The criteria for the query generation. Defaults to the criteria defined within the paper.

application_description str

The description of the AI application that one want to build with these instructions. Defaults to AI assistant.

Input columns
  • input (str): The input to generate the instructions. It's also called seed in the paper.
Output columns
  • instructions (List[str]): The generated instructions.
Reference
Source code in src/distilabel/steps/tasks/self_instruct.py
class SelfInstruct(Task):
    """SelfInstruct is a pre-defined task that, given a number of instructions, a
    certain criteria for query generations, an application description, and an input,
    generates a number of instruction related to the given input and following what
    is stated in the criteria for query generation and the application description.
    It is based in the SelfInstruct framework from the paper "Self-Instruct: Aligning
    Language Models with Self-Generated Instructions".

    Attributes:
        num_instructions: The number of instructions to be generated. Defaults to 5.
        criteria_for_query_generation: The criteria for the query generation. Defaults
            to the criteria defined within the paper.
        application_description: The description of the AI application that one want
            to build with these instructions. Defaults to `AI assistant`.

    Input columns:
        - input (`str`): The input to generate the instructions. It's also called seed in the paper.

    Output columns:
        - instructions (`List[str]`): The generated instructions.

    Reference:
        - [`Self-Instruct: Aligning Language Models with Self-Generated Instructions`](https://arxiv.org/abs/2212.10560)
    """

    num_instructions: int = 5

    criteria_for_query_generation: str = (
        "Incorporate a diverse range of verbs, avoiding repetition.\n"
        "Ensure queries are compatible with AI model's text generation functions and are limited to 1-2 sentences.\n"
        "Design queries to be self-contained and standalone.\n"
        'Blend interrogative (e.g., "What is the significance of x?") and imperative (e.g., "Detail the process of x.") styles.'
    )

    application_description: str = "AI assistant"

    _template: Template = PrivateAttr(default=...)
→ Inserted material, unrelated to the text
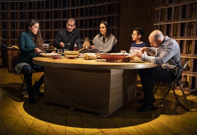 It's been given a loving production, beginning with Andrew Lieberman's set, which looks rather like the lobby of a hedge fund office. In fact, it's a living room in a present-day New York apartment, with elegant curved walls, ultra-shiny floors, finely wrought shelves, no carpet, and, as one character later observes, no sofa. Its inhabitants live well. And we never do learn how Noura, her husband Tareq (Nabil Elouahabi), and their adolescent son Yazen (Liam Campora) came by all that money. They're Iraqi immigrants, in the States for eight years after watching Mosul fall apart. Tareq has a good job on the staff of a prestigious local hospital, Noura was a gifted architect who dropped her trade to concentrate on mothering, and Yazen, in Campora's winning portrayal, is a normal kid, addicted to PlayStation. Prominent in their odd-looking abode is a gift-laden Christmas tree, and we get that Noura is ardent in transitioning to full-fledged American. We also get it because, in Raffo's often-monotone and sometimes-rushed delivery, she talks about it a lot. When you escape a broken country and enter an unfamiliar, utterly different culture, how much of your former self do you preserve, and how much do you abandon? Intriguing question, but we've a ton of plot to dispense before we get to it. Also on hand is Rafa'a (Matthew David), an old friend and perhaps more of Noura's, a successful obstetrician from a long line of them, who exists mainly to elicit insights from Noura that nobody else would. And there's the imminent arrival of Maryam (Dahlia Azama), a refugee the family's been sponsoring, who's now excelling in the sciences at Stanford. She enters, articulate, pregnant, and unapologetic. That throws Noura into a panic, and it turns out she has a Big Secret, one Raffo doesn't mask very well. "I don't want to forget," Noura says of her prior troubled life, but all the back-and-forth with Tareq and Rafa'a and Maryam about how much to remember or cast off comes off as ruminative, inconclusive. And like The Lifespan of a Fact, Noura has one of those endings-that-aren't-endings, a frozen moment in time where we're just about to learn something crucial and the playwright leaves us hanging. Still, there are some real issues raised, and some good speeches one about the search for a "safe space," another from Tareq about the woman he thought he wed and what their marriage turned into. (It seems very loving at first, but as we discover, these two have differing notions of "wifely role.") It's all punctuated by prerecorded internal monologues from Noura, and fairly frequent lines that are mentally indecipherable. "Saving is a sick negotiation." Wha? Joanna Settle directs with an accent on speed, which means much of the overlapping conversation in a rambunctious holiday-celebration scene is inaudible, and much of the dialogue give-and-take unnaturally fast, with responses before the character would actually be able to process his/her thought. Raffo's unvarying delivery aside, the actors are fine, and David and Elouahabi do quite a lot with the underwritten male roles. One suspects the similarity between the title character's name and that of Ibsen's famous heroine is no coincidence. Like Nora Helmer, Noura is struggling to play the role society has handed her, and while she has options, they're terrifying. But A Doll's House went somewhere. Noura, like many in the current cycle of new plays about theatrically underrepresented minorities, provides welcome disclosure into unfamiliar perspectives, but it's a long, static hour and a half. You might do better to visit Playwrights Horizons' Playwright's Perspectives page, where Raffo's author's note better articulates what she's trying to say about the struggle between individual and community, old and new self, American rugged individualism and narrow Middle Eastern traditions. Provocative topics, but in Noura, they come through only fitfully.

    def load(self) -> None:
        """Loads the Jinja2 template for SelfInstruct."""
        super().load()

        _path = str(
            importlib_resources.files("distilabel")
            / "steps"
            / "tasks"
            / "templates"
            / "self-instruct.jinja2"
        )

        self._template = Template(open(_path).read())

    @property
    def inputs(self) -> List[str]:
        """The input for the task is the `input` i.e. seed text."""
        return ["input"]

    def format_input(self, input: Dict[str, Any]) -> "ChatType":
        """The input is formatted as a `ChatType` assuming that the instruction
        is the first interaction from the user within a conversation."""

        return [
            {
                "role": "user",
                "content": self._template.render(
                    input=input["input"],
                    application_description=self.application_description,
                    criteria_for_query_generation=self.criteria_for_query_generation,
                    num_instructions=self.num_instructions,
                ),
            }
        ]

    @property
    def outputs(self):
        """The output for the task is a list of `instructions` containing the generated instructions."""
        return ["instructions"]

    def format_output(
        self,
        output: Union[str, None],
        input: Optional[Dict[str, Any]] = None,
    ) -> Dict[str, Any]:
        """The output is formatted as a list with the generated instructions.

        Args:
            output: the raw output of the LLM.
            input: the input to the task. Used for obtaining the number of responses.

        Returns:
            A dict with containing the generated instructions.
        """

        if output is None:
            return {"instructions": []}

        lines = [line for line in output.split("\n") if line != ""]
        return {"instructions": lines}

inputs: List[str] property

The input for the task is the input i.e. seed text.

outputs property

The output for the task is a list of instructions containing the generated instructions.

format_input(input)

The input is formatted as a ChatType assuming that the instruction is the first interaction from the user within a conversation.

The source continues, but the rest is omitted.